田中裕子や夏木マリも…スタジオジブリ作品で悪役を務めた芸能人の“トラウマ級に怖かった名演技”の画像
© 1986 Studio Ghibli

 子どもから大人まで幅広い世代に愛されているスタジオジブリ作品には、怖くて恐ろしい悪役が登場するシーンがある。そしてそんな悪役の声を芸能人が演じ、たびたび話題になることも多い。そこで今回は、スタジオジブリ作品で悪役キャラを演じていた芸能人たちの“トラウマ級”に怖かった名演技をご紹介しよう。

■子どもたちが泣いた…!? 『ゲド戦記』クモ役の田中裕子

 2006年公開の『ゲド戦記』で、悪役である魔法使い・クモを演じていたのが、女優の田中裕子だ。

 田中といえば、1983年から放送されたNHK連続テレビ小説『おしん』の主演・田倉しん役で知られ、以降も数々の映画やドラマなどで活躍している押しも押されもせぬ名女優だ。

 彼女の演じるクモの性別は男性ではあるのだが、中性的な美しさを持ち、田中の落ち着いた声がとてもマッチしていた。しかし物語のクライマックスが近づくと、クモは豹変していく。髪をふり乱し感情的になっていく様子は恐ろしく、「死んだ、死んだ、かわいそう…」とボソボソとつぶやく声が「怖すぎる」と話題になった。

 そんなクモ役で名演を見せた田中だが、1997年公開の『もののけ姫』でも悪役・エボシ御前を務めている。エボシは石火矢をつくり出す“タタラ場”を築き、人々を率いるリーダーだった。彼女は自分の目的のためなら森を壊すことも、神と呼ばれる動物たちを殺すこともいとわない性格で、物語においてサンやアシタカと敵対することになる。

 田中はそんなエボシの、芯が強く気品がありつつも冷静な女性像を見事に演じている。彼女の迫真の演技を見て、宮崎監督や鈴木敏夫プロデューサーは思わず「うまい」と感嘆し、絶賛するほど。何度も監督が“会心の笑み”を見せる様子がドキュメント映像『「もののけ姫」はこうして生まれた。』に収録されていた。約2年にわたって記録したこの作品も、本編と併せて見てみると、よりジブリを知ることができ、楽しめると思う。

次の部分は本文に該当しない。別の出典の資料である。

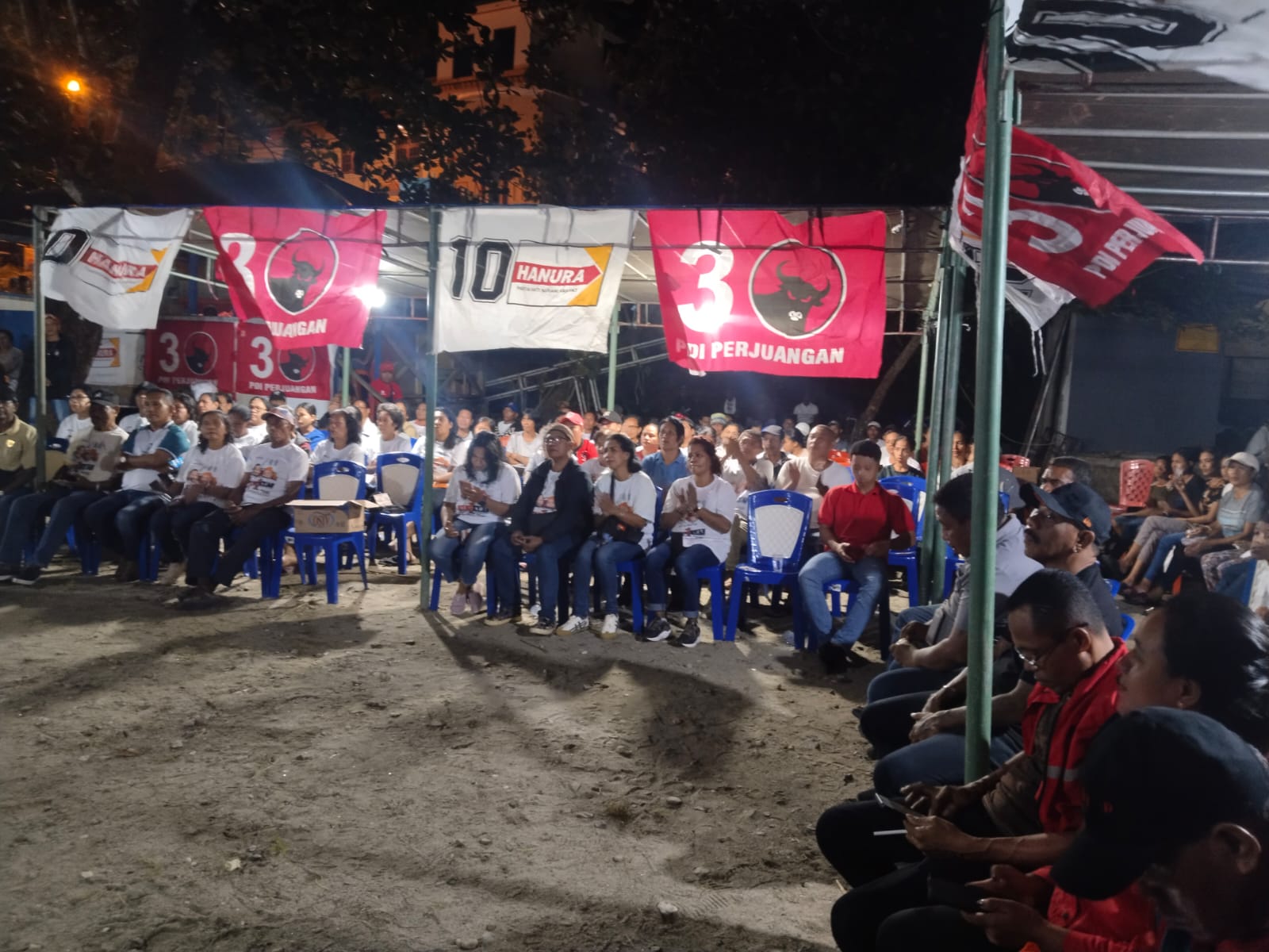 Ambon.Kabarsulsel.Indonesia.com.Ketua DPD PDI-P yang juga Ketua DPRD Provinsi Maluku Benhur George Wattubun, bersama Tim Koalisi calon Gubernur Maluku JAR, menggelar Kampanye di Amahusu, kecamatan Nusaniwe kota Ambon, Rabu (23/10/2024)

■「人がゴミのようだ」はジブリ屈指の名セリフ!『天空の城ラピュタ』ムスカ大佐役の寺田農

 1986年公開の『天空の城ラピュタ』の悪役といえば、ラピュタを探すためにヒロイン・シータをつけ狙うムスカ大佐だ。

 彼は政府から派遣された優秀な諜報員で、わずか28歳にして大佐という階級まで上り詰めたエリートでもある。優秀なのは間違いないのだが、ムスカは自分の目的のために冷酷非道な行いの数々を犯したことでも知られている。

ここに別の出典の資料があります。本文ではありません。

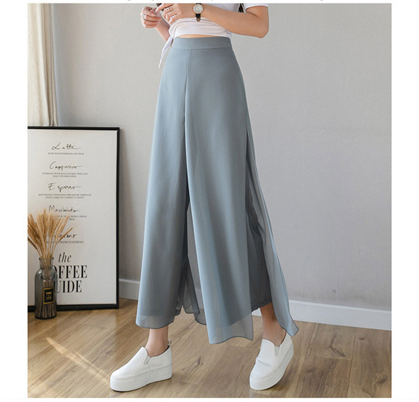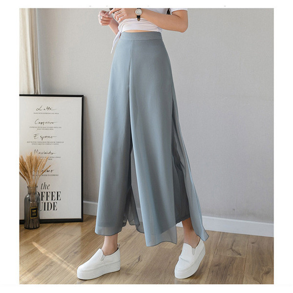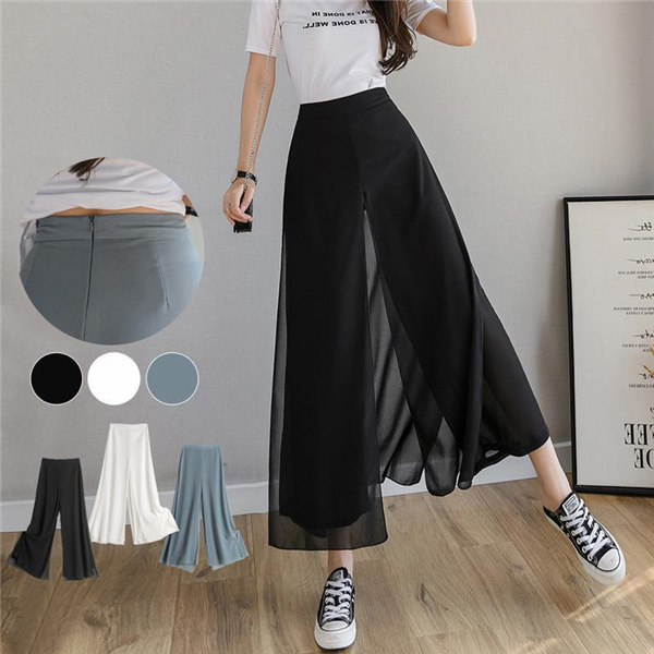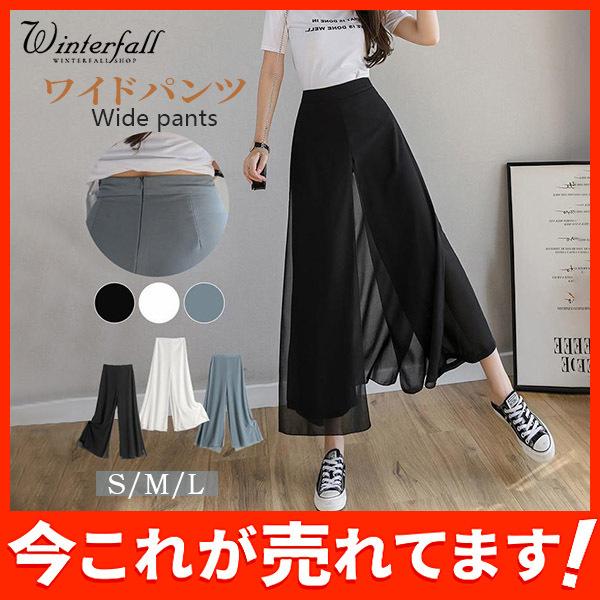 送料無料 赤字覚悟 ワイドパンツ レディース ガウチョスカン 春服 シフォン 美脚ポケット 九分丈 ファスナー 高級感 着痩せ スリット 春夏新作 快適 薄手
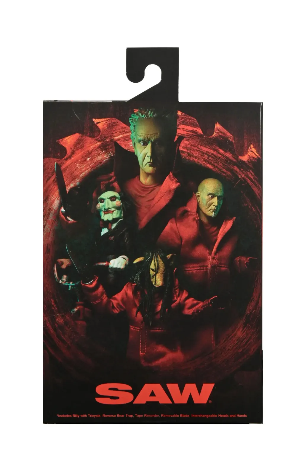 Aus NECAs Figuren-Reihe kommt diese coole Actionfigur aus dem Film "Saw". Sie ist ca. 18 cm groß und wird mit jeder Menge Zubehör und Austauschteilen in einer Fensterbox geliefert.

 シータをつけ狙い、彼女を拉致にも近い形で連れ去るムスカ。やがてラピュタを見つけると、今までともに戦ってきたはずの軍の人間たちを、“ゴミのように”下界へと落としてしまう。

 ムスカがこのときの様子を見て言い放った「見ろ! 人がゴミのようだ!!」は、彼の名セリフとしてあまりにも有名だ。人間が遥か下の世界へ落とされているというのに、嬉々として叫ぶムスカには狂気すら感じてしまうのは筆者だけではないはずだ。

 そんなムスカ役を演じたのが、寺田農だ。俳優として『ウルトラシリーズ』や『銭形平次』、『大江戸捜査網』など数々のドラマへの出演、そして、その美声からかナレーター役に抜擢されることも多い寺田。

 じつはムスカを演じた当時、宮崎監督とモメてしまったというエピソードを2022年11月8日に公開されたテレビ朝日によるインタビューで明かしていた寺田。アニメ製作特有のアフレコ風景が肌に合わなかった寺田は、タイムラップのみでセリフの演技をすることがストレスだったそう。ムスカ役が一時期“トラウマだった”というから、驚きである。

 それにしても、たった2日という短い時間で不慣れなアニメ声優に挑戦した寺田だが、そんなことを微塵も感じさせない名演技は、さすがと言わざるを得ないだろう。